Methods: A cross-sectional study was conducted among pregnant women attending antenatal care clinic at Mulago Hospital between September and November 2015. Systematic sampling was used to enroll eligible women. An interviewer-administered demographic questionnaire and the Hamilton Anxiety Rating Scale for Antenatal Anxiety (HAMA-A) scale were used to assess demographic features and anxiety, respectively. Women with HAMA-A score ≥17 were considered to have anxiety disorder. Factors associated with anxiety disorders were determined using multivariate logistic regression.
Results: A total of 501 pregnant women were enrolled into the study; the prevalence of anxiety disorders was 13% (n=65; 95% CI: 9.8–15.7%). Factors that were significantly associated with anxiety disorders were low income of the participants (adjusted odds ratio [AOR]=2.65, 95% CI: 1.16–6.06), bad relationship with spouse (AOR = 2.50, 95% CI: 1.01–5.82) and history of hypertension in previous pregnancy (AOR = 4.17, 95% CI: 1.68–10.37).

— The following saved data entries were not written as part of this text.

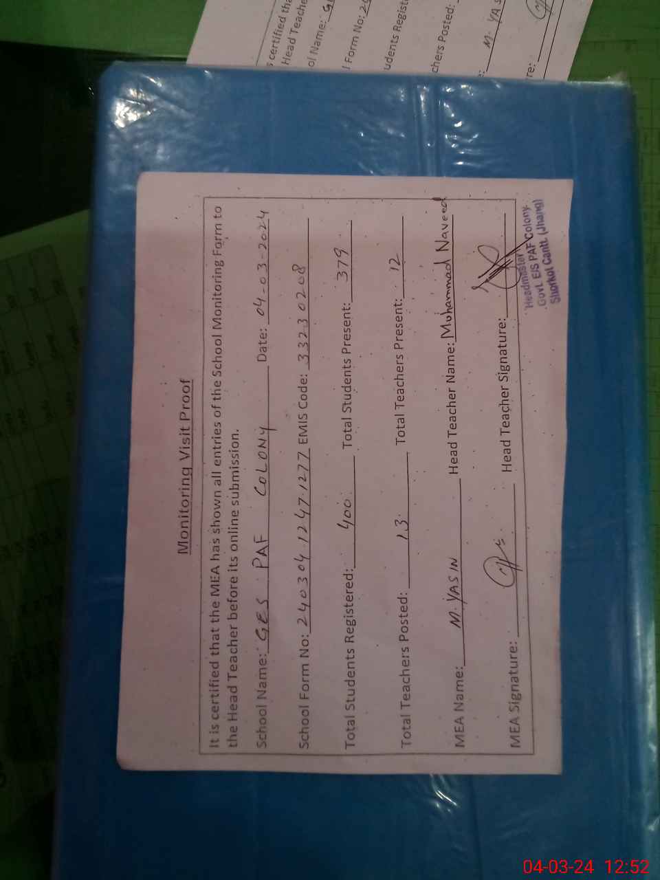 | Attendance Register | Head Teacher | MEA with School | Visit Proof |
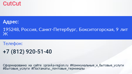 CutCut по адресу 195248, Россия, Санкт-Петербург, Бокситогорская, 9 лит Ж в дальнейшем Организация, размещена в следующих категориях:
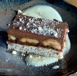 Sladica, ki se je bodo razveselili mali in veliki sladkosnedi, je hkrati tudi izvrsten način, da porabite beljake. Odličen lešnikov biskvit v kombinaciji z lešnikovim namazom, bananami in čokoladnim moussom. Je lahko še kaj boljšega?
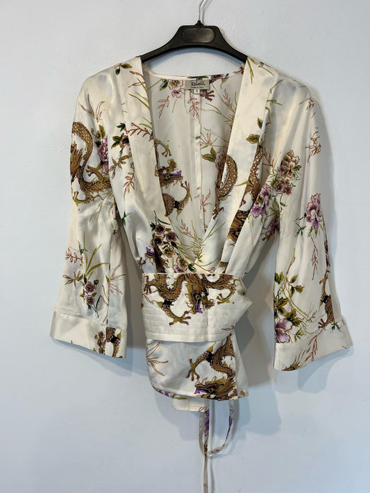 100% Capri. Linen blouse with neck and sleeve detail. TL
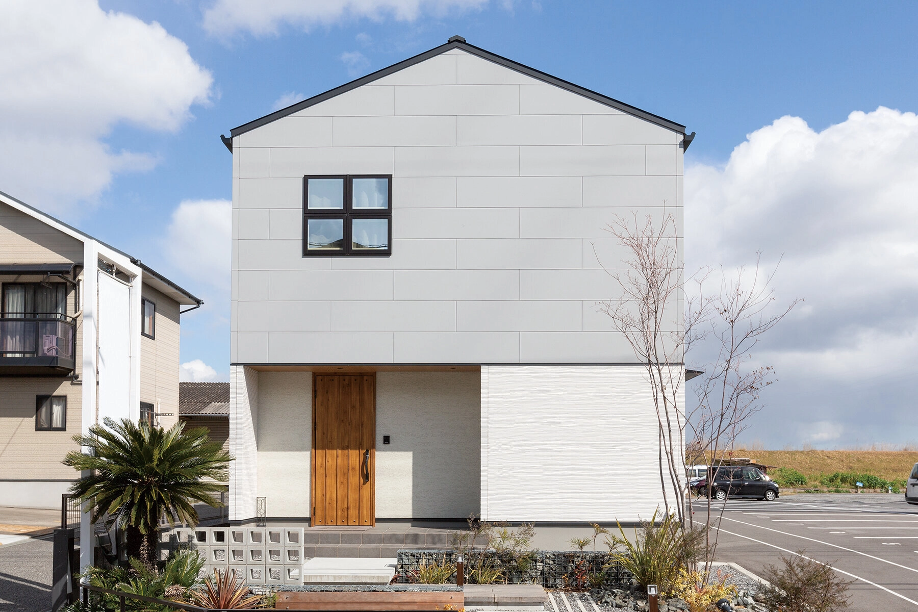 イルミオをウマ張りで用い、印象的な装いとした淡色のすっきり爽やかなコーディネートの中、サッシや破風、水切りを濃色としアウトラインを明確にしています。また、玄関ドアや軒天を木目とし、やわらかな印象も演出しています。

Conclusion: Approximately one in ten women surveyed exhibited anxiety disorders. Anxiety disorders were associated with low- income levels, bad spousal relationships, and a history of hypertension during previous pregnancies. Multidisciplinary approaches that integrate mental health support, social services, and partner involvement may help address anxiety disorders in pregnancy and contribute to improved maternal and child outcomes.